Looking at the dmesg/syslog, processes simply hung indefinitely:

Code:

[  242.862135] INFO: task kworker/8:1:165 blocked for more than 120 seconds.
[  242.862156]       Tainted: P           O      5.15.64-1-pve #1
[  242.862169] "echo 0 > /proc/sys/kernel/hung_task_timeout_secs" disables this message.

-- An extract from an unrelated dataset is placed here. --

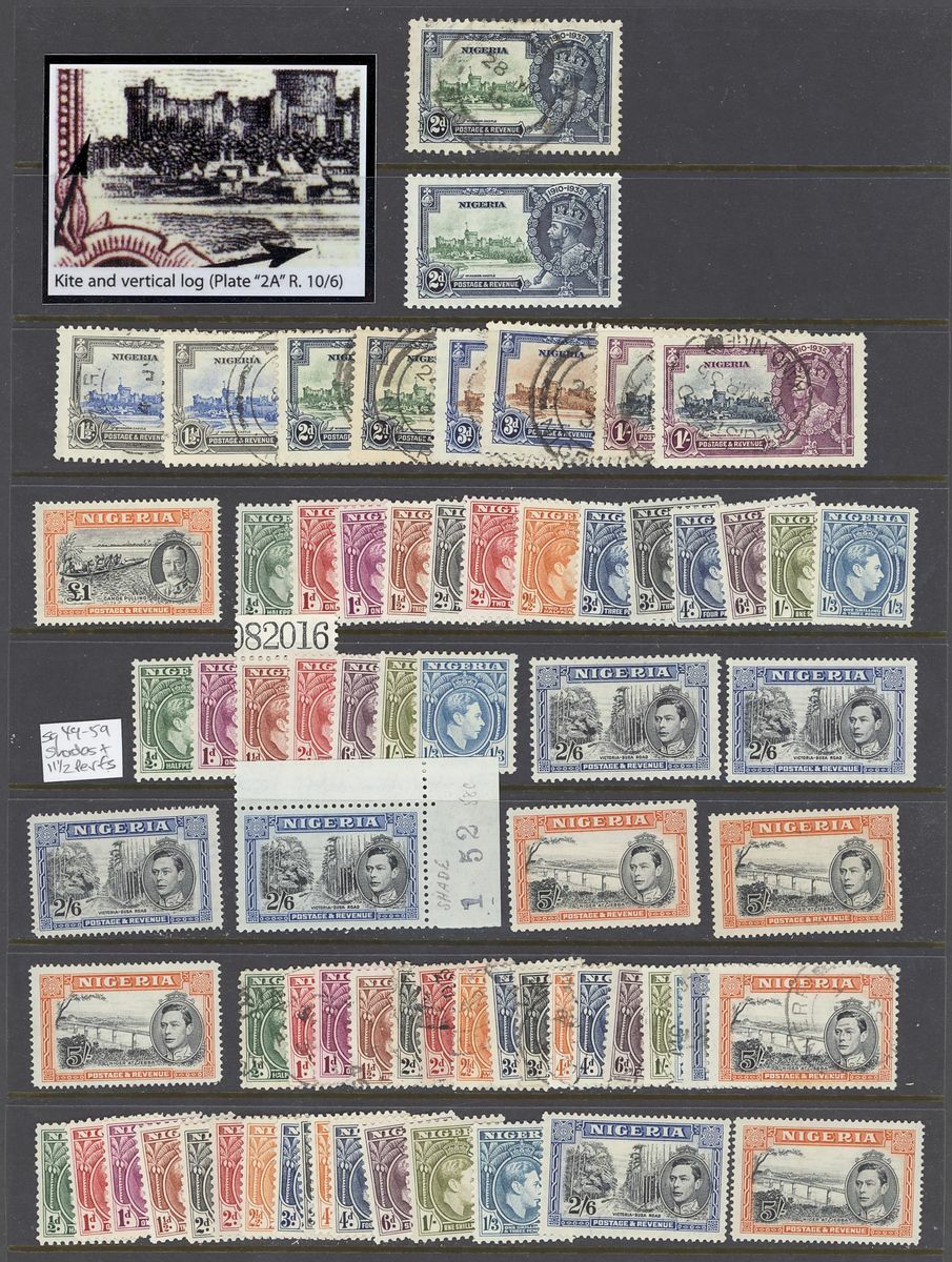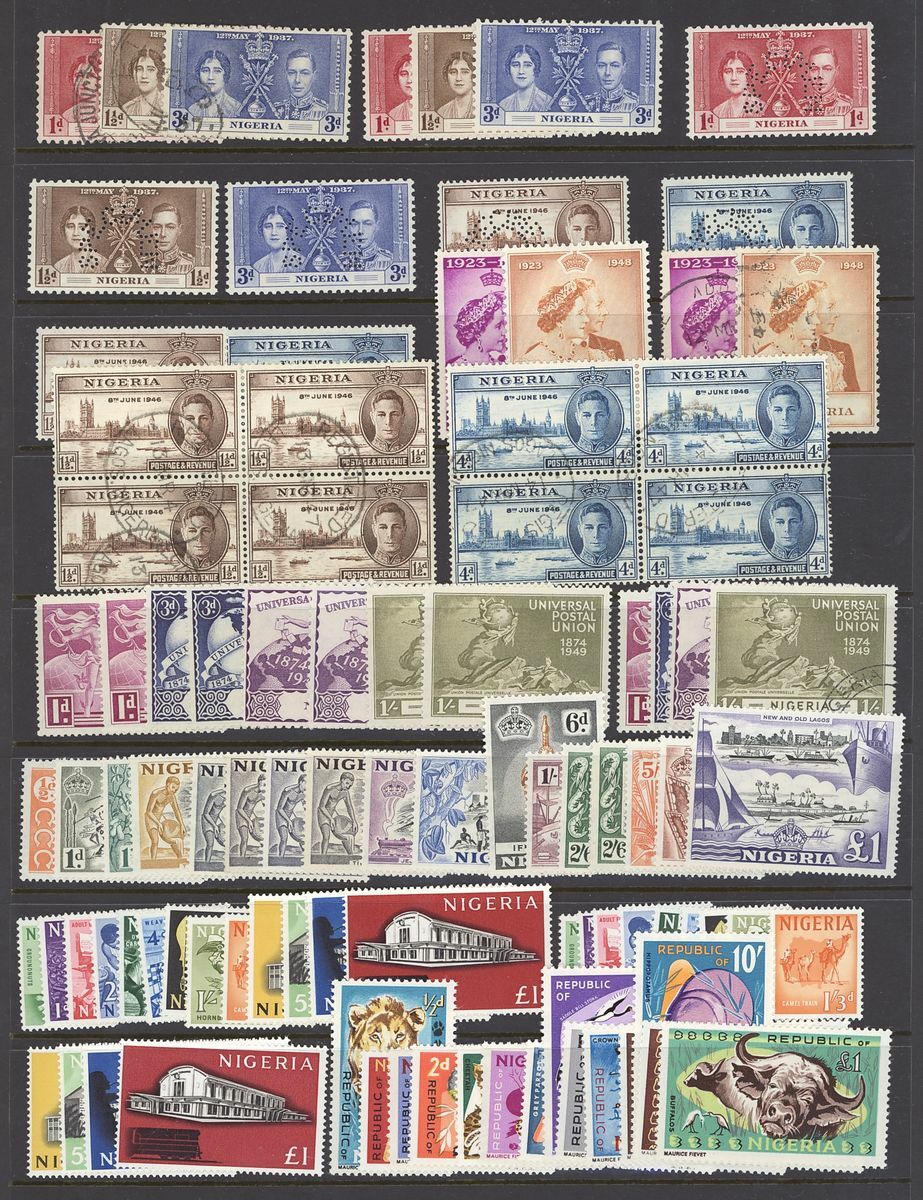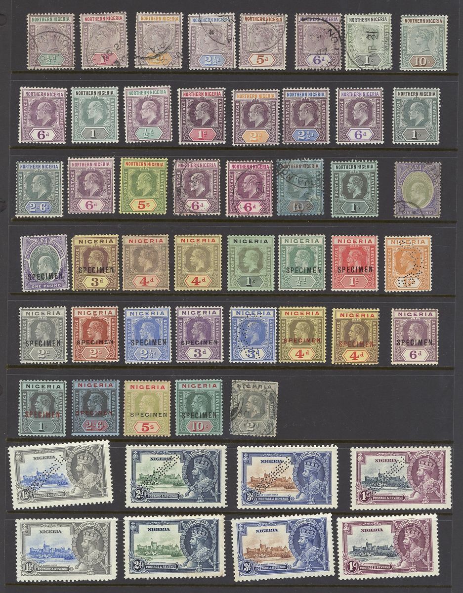 1900-1960s mint and used collection arranged on four Hagner pages including Northern Nigeria 1900 10/- mint, 1910 10/- used, Southern Nigeria 1903-04 £1 (2, Specimen and used), Nigeria 1921-32 ½d. to 10/- Specimen set, 1935 Jubilee set perforated

[  242.862185] task:kworker/8:1     state:D stack:    0 pid:  165 ppid:     2 flags:0x00004000
[  242.862205] Workqueue: ipv6_addrconf addrconf_dad_work
[  242.862220] Call Trace:
[  242.862227]  <TASK>
[  242.862233]  __schedule+0x34e/0x1740
[  242.862244]  ? update_load_avg+0x82/0x640
[  242.862256]  schedule+0x69/0x110
[  242.862264]  schedule_preempt_disabled+0xe/0x20
[  242.862275]  __mutex_lock.constprop.0+0x255/0x480
[  242.862287]  __mutex_lock_slowpath+0x13/0x20
[  242.862609]  mutex_lock+0x38/0x50
[  242.862932]  rtnl_lock+0x15/0x20
[  242.863248]  addrconf_dad_work+0x39/0x4d0
[  242.863557]  process_one_work+0x228/0x3d0
[  242.863861]  worker_thread+0x53/0x420
[  242.864160]  ? process_one_work+0x3d0/0x3d0
[  242.864457]  kthread+0x127/0x150
[  242.864756]  ? set_kthread_struct+0x50/0x50
[  242.865063]  ret_from_fork+0x1f/0x30
[  242.865361]  </TASK>
[  242.865657] INFO: task kworker/9:3:984 blocked for more than 120 seconds.
[  242.865954]       Tainted: P           O      5.15.64-1-pve #1
[  242.866268] "echo 0 > /proc/sys/kernel/hung_task_timeout_secs" disables this message.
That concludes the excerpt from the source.